Ms Ravi appears to be a supporter of the ongoing farmers’ agitation in the country. In support of this and to oppose the high-handed police action over it, global celebrities, including teenaged Swedish environment activist Greta Thunberg, sent out tweets, unleashing a ferocious campaign, much to the discomfort of the government. FIRs were filed against Ms Thumberg and others for sedition. In the government’s eyes, she is guilty of spreading the idea of a “toolkit” to back the farmers’ agitation.

In order to understand the maliciousness, indeed the enormity, of what the Indian State has done by arresting Ms Ravi (and two others), making itself a laughingstock among democracies, it is important to be aware that this so-called “toolkit” is not a handbook of terrorism.

In fact it’s no more than guidelines on ways to propagate the farmers’ cause through the social media, and is a common expression among activists of all kinds. Indeed, it’s no more than what the Hindutva brigade, including the ruling party, have been doing. The difference is that the causes of the climate activists and the Hindutva group are vastly different, with the latter identifying with vile ones like the so-called “love jihad”, false propaganda of cow killing against Muslims and dalits, spreading fabrications against their political opponents, and disseminating hate against all voices that call for social harmony and sanity.

Ms Ravi’s “crime” is that she edited two lines of Ms Thunberg’s “toolkit”. It is for this that the Delhi police is calling her an “editor” of the “toolkit”. Since an outfit called the Poetic Justice Foundation, which apparently supports the idea of “Khalistan”, a woolly-headed thought in the minds of some persons of Indian origin in the West, also backs the farmers’ cause, all supporters of Indian farmers are being mischievously sought to be equated with “Khalistan” supporters.
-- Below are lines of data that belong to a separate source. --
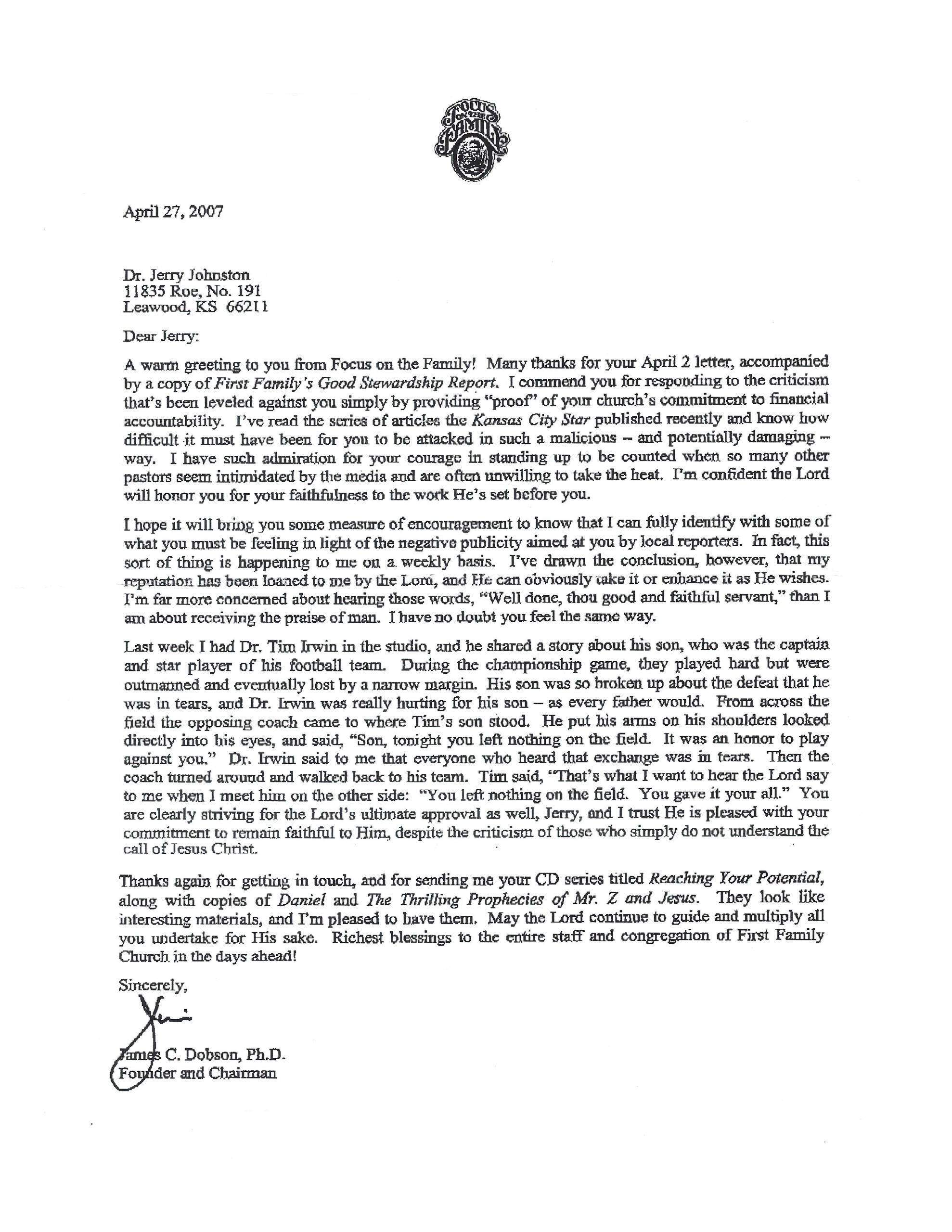 - Johnston championed the Kansas Marriage Amendment at the request of Pastor Joe Wright of Central Christian Church in Wichita, Kansas, and incurred the retaliation of repeated attacks by the Kansas City Star, which dispatched a full-time investigative journalist on him, his family, and printed numerous libelous stories which launched an investigation by the Kansas Department of Consumer Protection, and two years of immense stress and trial. Dr. Jay Sekulow, president of the American Center of Law & Justice, led a team of lawyers at the request of the Board of Elders of First Family Church. The team was led by board chairman, the Honorable Judge Robert Ulrich (former United States District Attorney/Western Missouri District); Dr. Johnston and the church were fully exonerate. Dr. Jay Sekulow stated in October of 2009 in a live telecast service at First Family Church that he had never witnessed a more politically motivated witch hunt in his 30 years of practicing law and defending Christian freedom in the United States. For a complete description and associated appendices, please read chapter one of Dr. Johnston’s doctoral dissertation: http://scholar.acadiau.ca
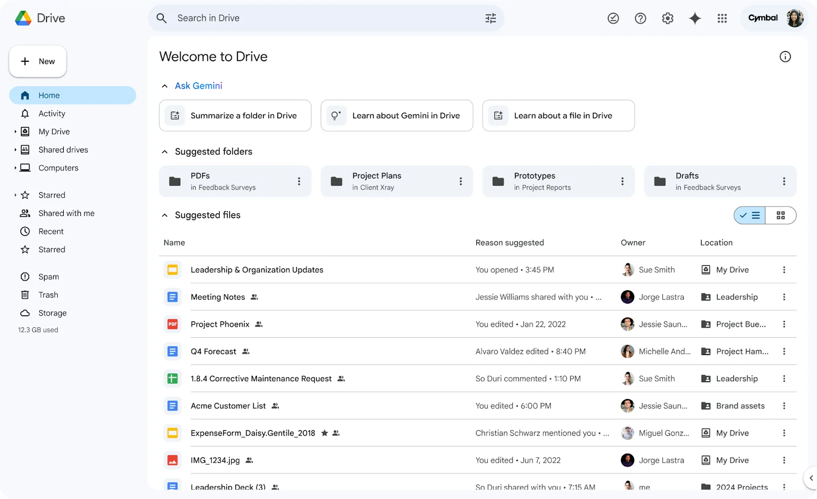 ตลอดปีที่ผ่านมา Gemini ค่อยๆ เข้ามามีบทบาทในแอปต่างๆ ของ Google ทั้งช่วยผู้ใช้งานในการร่างอีเมล สรุปเนื้อหา และวิเคราะห์ข้อมูล ใน Google Drive นั้น Gemini ได้เพิ่มฟีเจอร์ที่สามารถสรุปเอกสาร ทั้งแบบไฟล์เดียวและหลายไฟล์, ดึงข้อมูลสำคัญจากไฟล์, รองรับไฟล์และจัดการกับไฟล์ PDF, และการสนทนาแบบมีบริบทตามโฟลเดอร์ใน Drive เพื่อช่วยให้ผู้ใช้งาน ทำงานได้สะดวกขึ้น
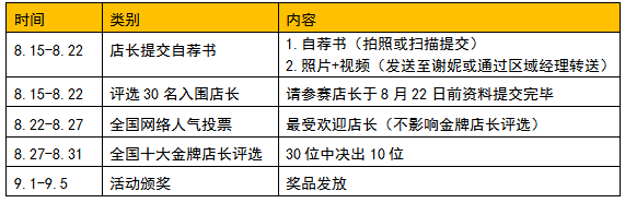 ② 報名要求:以門店為單位,每家門店推薦1名店長,參賽店長于8月22日前提交自薦書,具體表格,找本區域的區域經理索要。
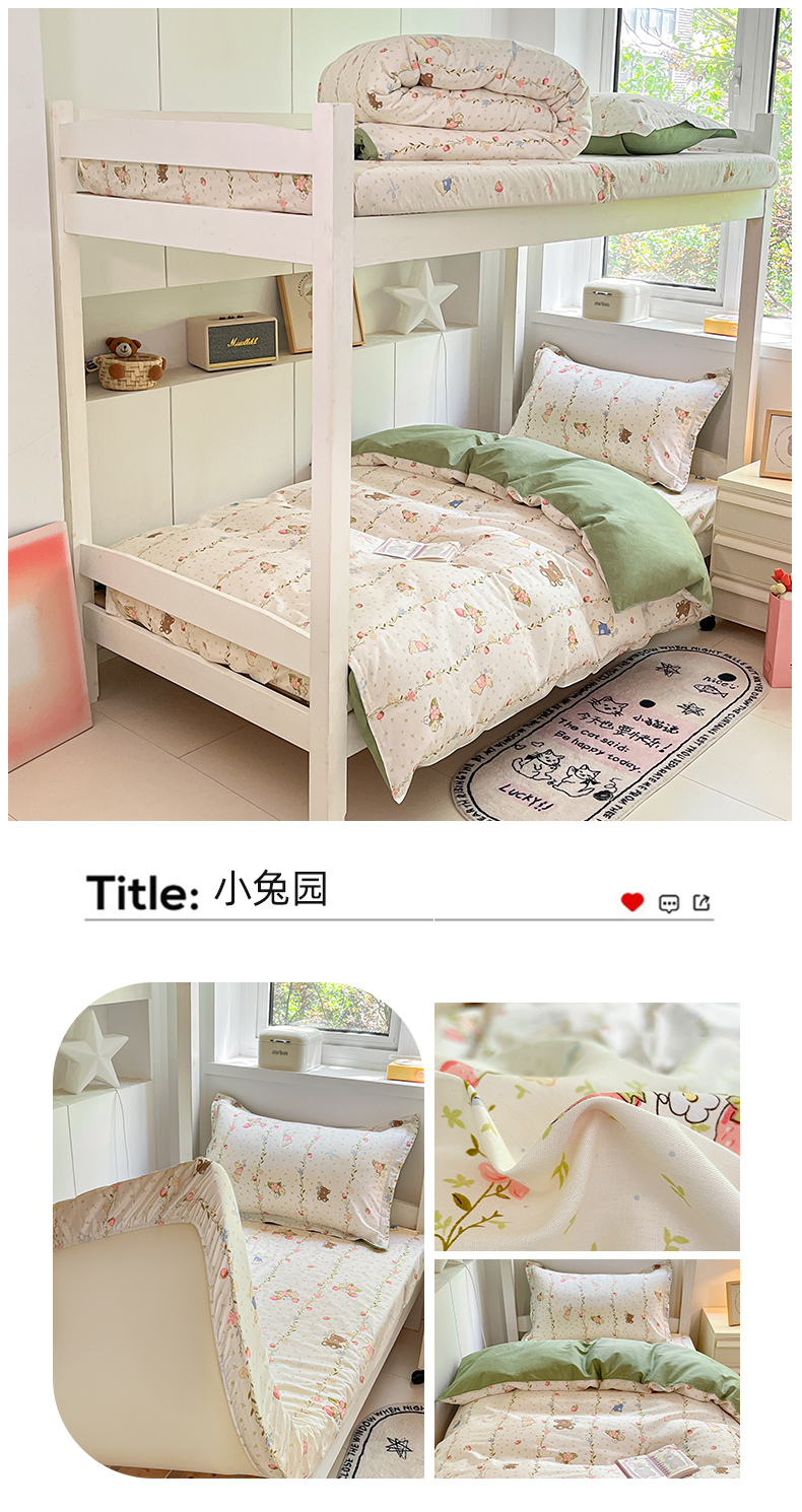 当前位置: 91家纺网 > 商品网购 > 床品套件 > 三件套 > 2024新款全棉印花三件套学生宿舍床三件套上下铺床单被套 小兔园
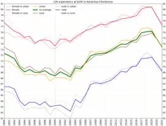 - ^ "Ожидаемая продолжительность жизни при рождении" [Life expectancy at birth]. Unified Interdepartmental Information and Statistical System of Russia (in Russian). Archived from the original on 20 February 2022. Retrieved 28 June 2022.
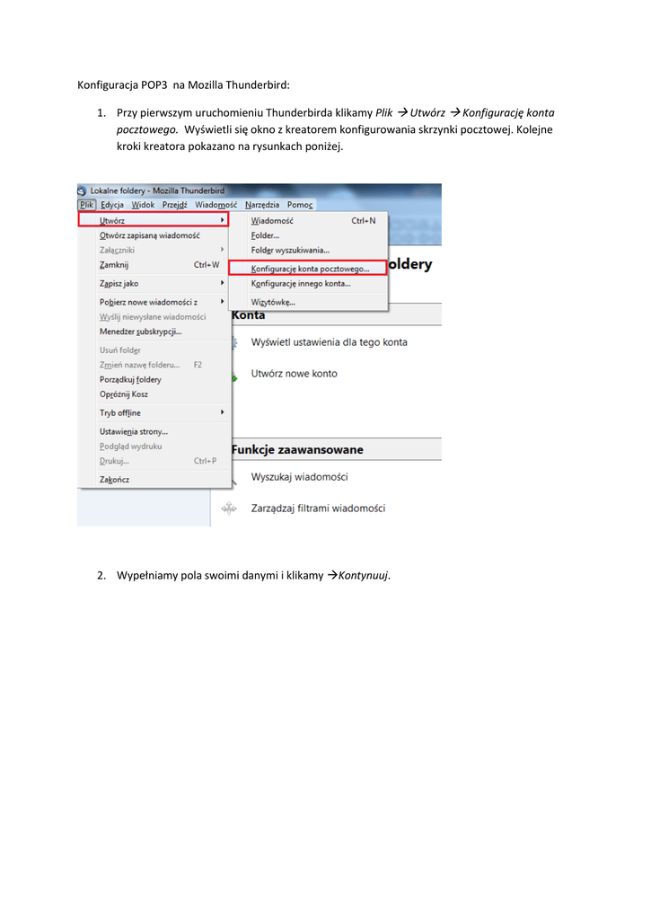 Konfiguracja POP3 na Mozilla Thunderbird: 1. Przy pierwszym uruchomieniu Thunderbirda klikamy Plik Utwórz Konfigurację konta pocztowego. Wyświetli się okno z kreatorem konfigurowania skrzynki pocztowej. Kolejne kroki kreatora pokazano na rysunkach poniżej. 2. Wypełniamy pola swoimi danymi i klikamy Kontynuuj. 3. Zaznaczamy opcję POP3 i klikamy Konfiguracja zaawansowana 4. Dla serwera POP3 oraz SMTP wpisujemy adres serwera mailvs.mw.mil.pl. Dla POP3 wybieramy opcję SSL/TLS na porcie 995, a dla SMTP opcję TLS na porcie 25. W polu Uwierzytelnianie dla POP3 i SMTP wybieramy Normalne hasło. 5. Klikamy Utwórz konto. 6. Pojawi się nam okno, w którym zostaniemy poproszeni o zatwierdzenie certyfikatu. Można obejrzed certyfikat klikając Wyświetl. Klikamy Pobierz certyfikat. Klikamy Potwierdź wyjątek bezpieczeostwa. 7. Konto zostało utworzone.
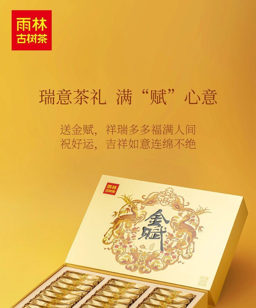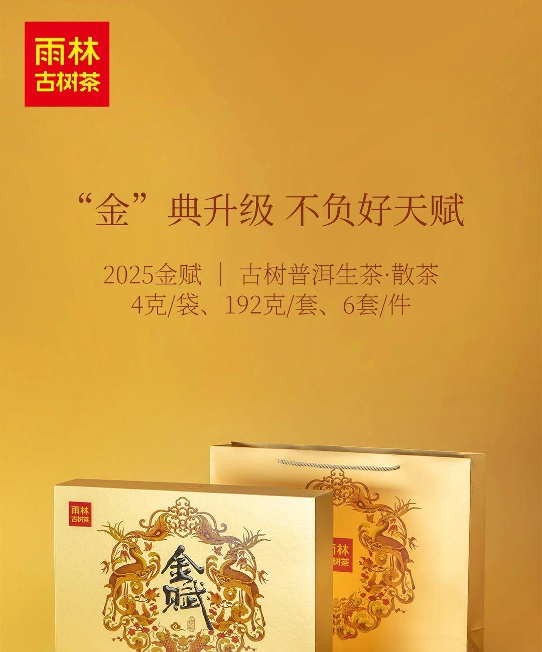 【生产工艺】 (古树普洱茶 · 生茶) 散茶 【规 格】 4克/袋 、48袋/套 【配 料】 云南大叶种古茶树晒青茶(一芽二叶) 【上市年份】 2025年 (生产日期见产品外包装) 推荐理由: “金”典出色, 天赋不凡 。 古树茶一芽二 叶, 丰富内涵锁住甜醇 。 花香蜜韵层次分 明, 成就好滋味的天“赋”法则 。 4克定量装, 给生活加点小“金”喜 。 金赋茶礼, 满“赋 ” 心意 。
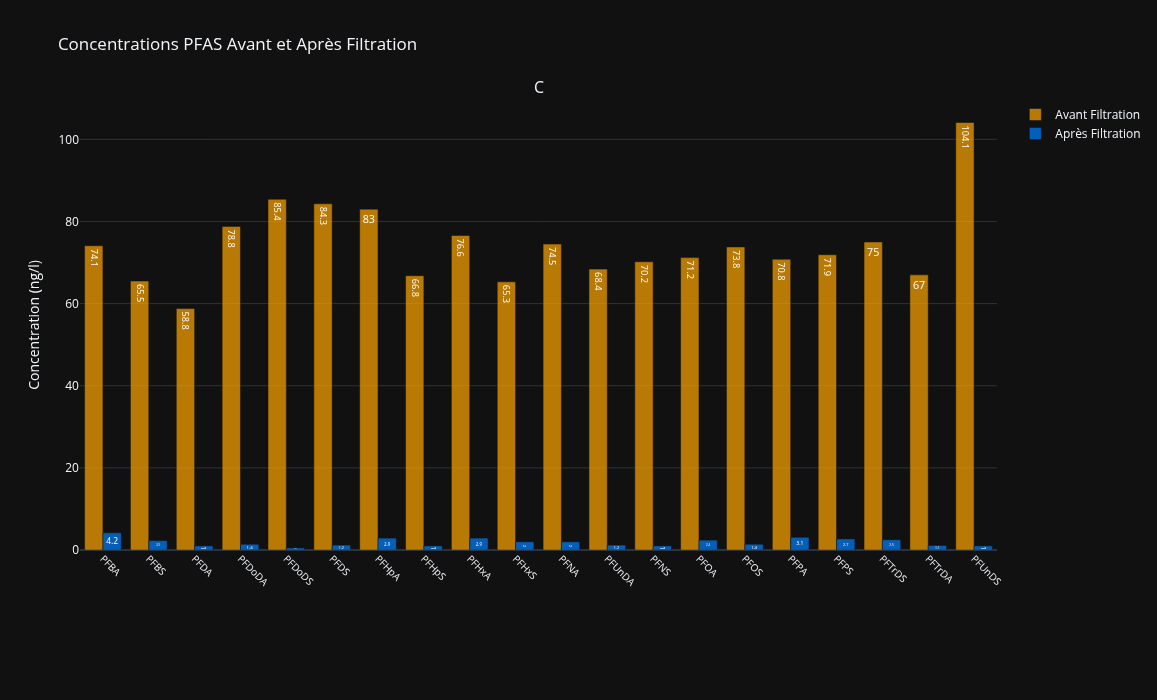 - Efficacité constante : 100 % des échantillons filtrés respectent les seuils, même avec les Concentrations Maximales relevées en France.
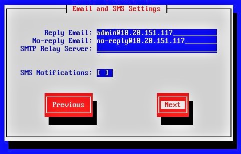 Software Vulnerability Manager (On‑Premises Edition) Virtual Appliance Installation GuideInstalling Software Vulnerability Manager Oracle LinuxEmail and SMS SettingsEmail and SMS Settings Enter the Email and SMS notification details and click Next.
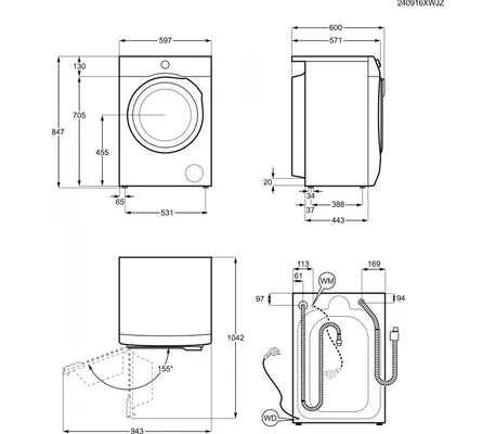 59.7 х 84.7 х 57.6 см Глубина с учетом выступающих элементов 59.9 см
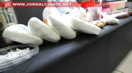 Foram apreendidas 350 pedras de crack, 70 eppendorfs de cocaína, 250 gramas de cocaína, 83 gramas de maconha e 7 kg de um pó branco ainda não examinado. Além da droga, foi encontrado equipamento e material para refino de cocaína.
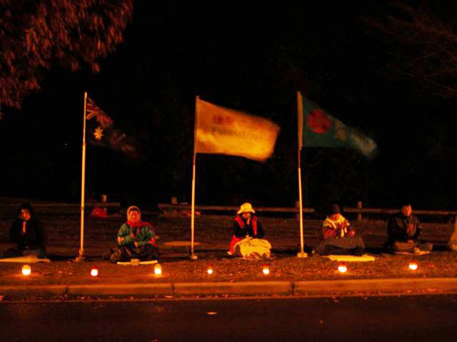 【明慧网2004年7月26日】二零零四年七月二十四日星期六晚上,澳洲部分大法弟子不顾南半球的严寒,聚集在堪培拉中国大使馆前烛光悼念在中国大陆被
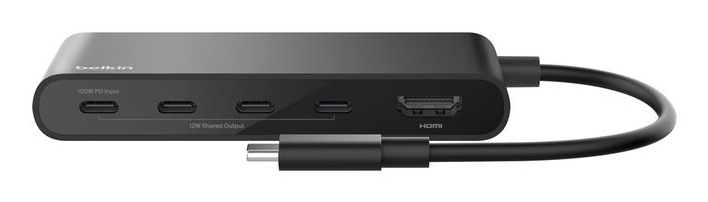 Belkin AVC021HQBK. Interface de l'hôte: USB Type-C, Interfaces Hub: HDMI, USB Type-C, USB 3.2 Gen 2 (3.1 Gen 2) Type-C. Taux de transfert de données: 10000 Mbit/s, Couleur du produit: Noir, Délivrance de la puissance USB jusqu’à: 100 W. Prise en charge d'autres systèmes d'exploitation: iOS, iPadOS, ChromeOS. Largeur: 104 mm, Profondeur: 50 mm, Hauteur: 15 mm. Quantité: 1 pièce(s)
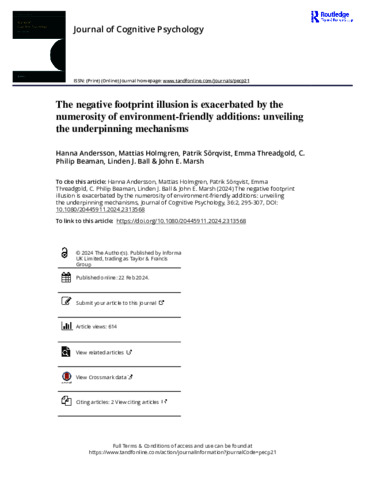 Andersson, H., Holmgren, M., Sörqvist, P., Threadgold, E., Beaman, C. P.
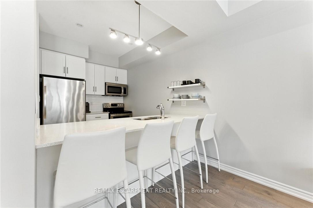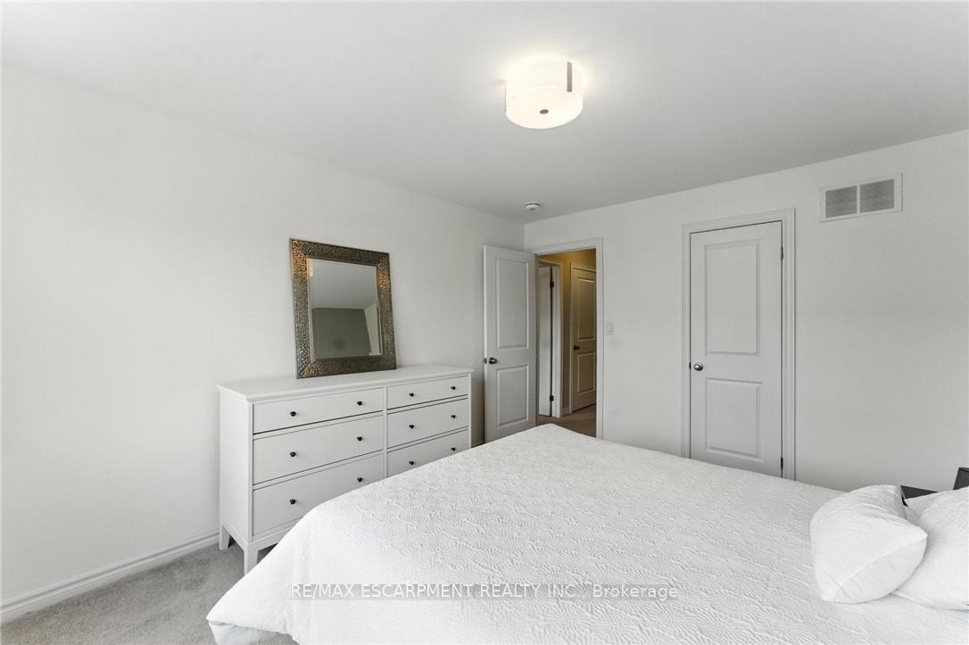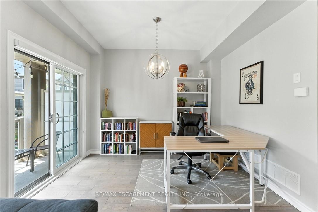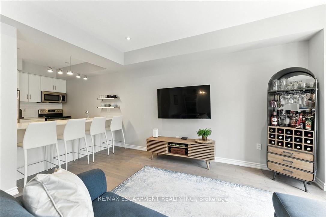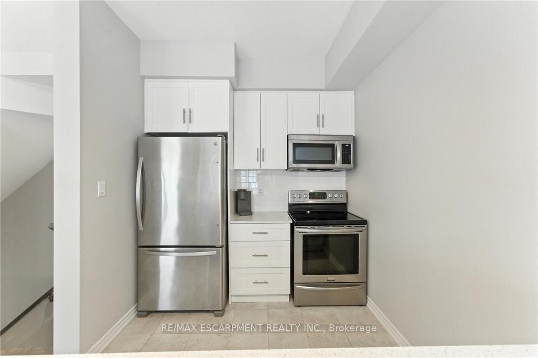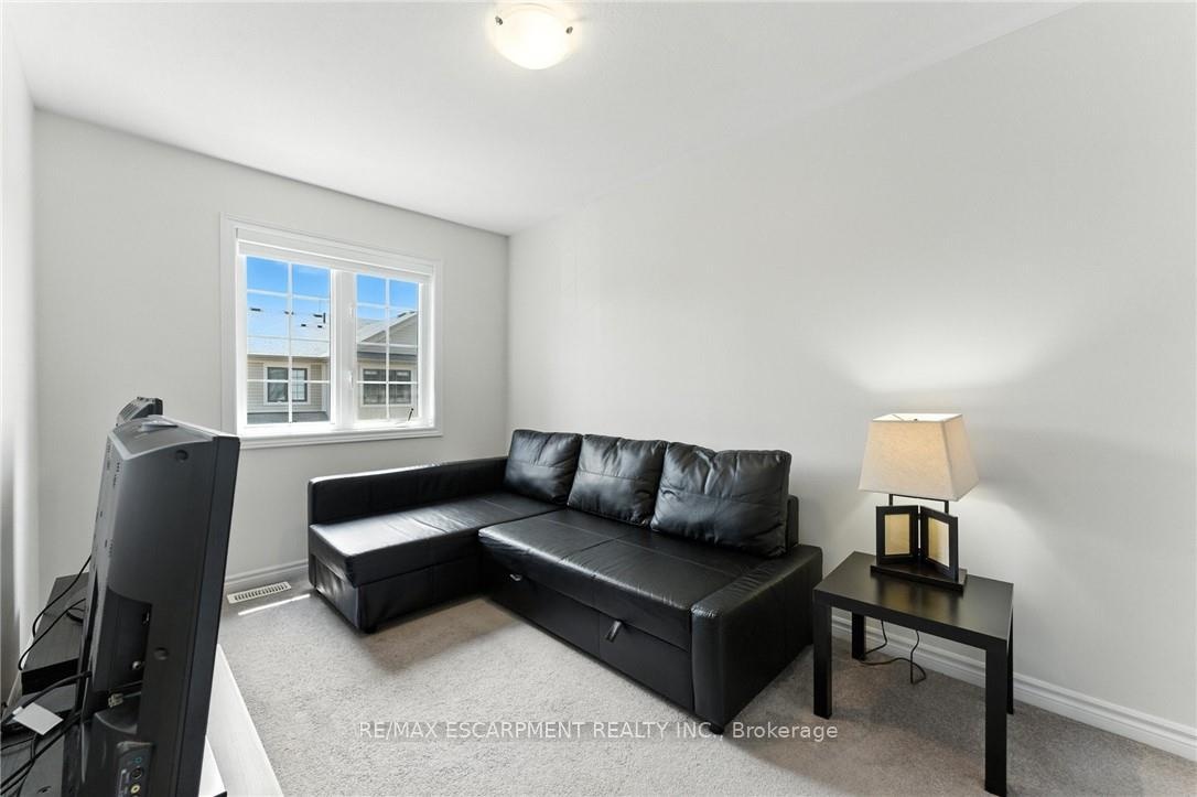 Welcome to this bright and spacious 2-bedroom, 2-bathroom townhome nestled in a quiet and desirable Ancaster neighbourhood. Designed with both comfort and functionality in mind, this home wont disappoint! The main floor features a versatile multi purpose den, perfect for a home office, workout area, or cozy retreat, along with a large closet for ample storage. Upstairs, discover a stunning open-concept living space bathed in natural light from expansive windows and patio doors leading to a Juliet balcony. Entertain with ease in the upgraded kitchen, complete with stainless steel appliances, quartz countertops, pot lights, a breakfast bar that comfortably seats four, and a seamless flow into the dining area. The living room is equally inviting, featuring wide-plank hardwood floors and brilliant natural light by day, transitioning to warm, ambient lighting at night. The third floor offers an upgraded primary bedroom with a generous walk-in closet and a large window that fills the space with light. A spacious second bedroom also features a walk-in closet, offering plenty of room for guests, family, or additional office space. Convenient bedroom-level laundry adds modern practicality, while the main bathroom impresses with a double vanity and a sleek glass-enclosed shower. Ideally located just minutes from the vibrant Meadowlands shopping and dining district, highway access, and scenic nature trails, ensuring the perfect balance of urban convenience and peaceful surroundings.

The practice of such sleight-of-hand by the government is clearly meant to discredit the farmers’ agitation. This is a sign of the government running out of ideas about how to contain it. It is not inconceivable that the ground is also being prepared to play the State violence card against the farmers and their leaders, and Ms Thunberg or Ms Ravi, and others like them, are just collateral damage.

But taking unlawful actions against a young woman barely out of her teens can backfire. To many ordinary people, it seems that the Delhi police, which directly operates under the Union home ministry, is degenerating into becoming the praetorian guard of the government in power.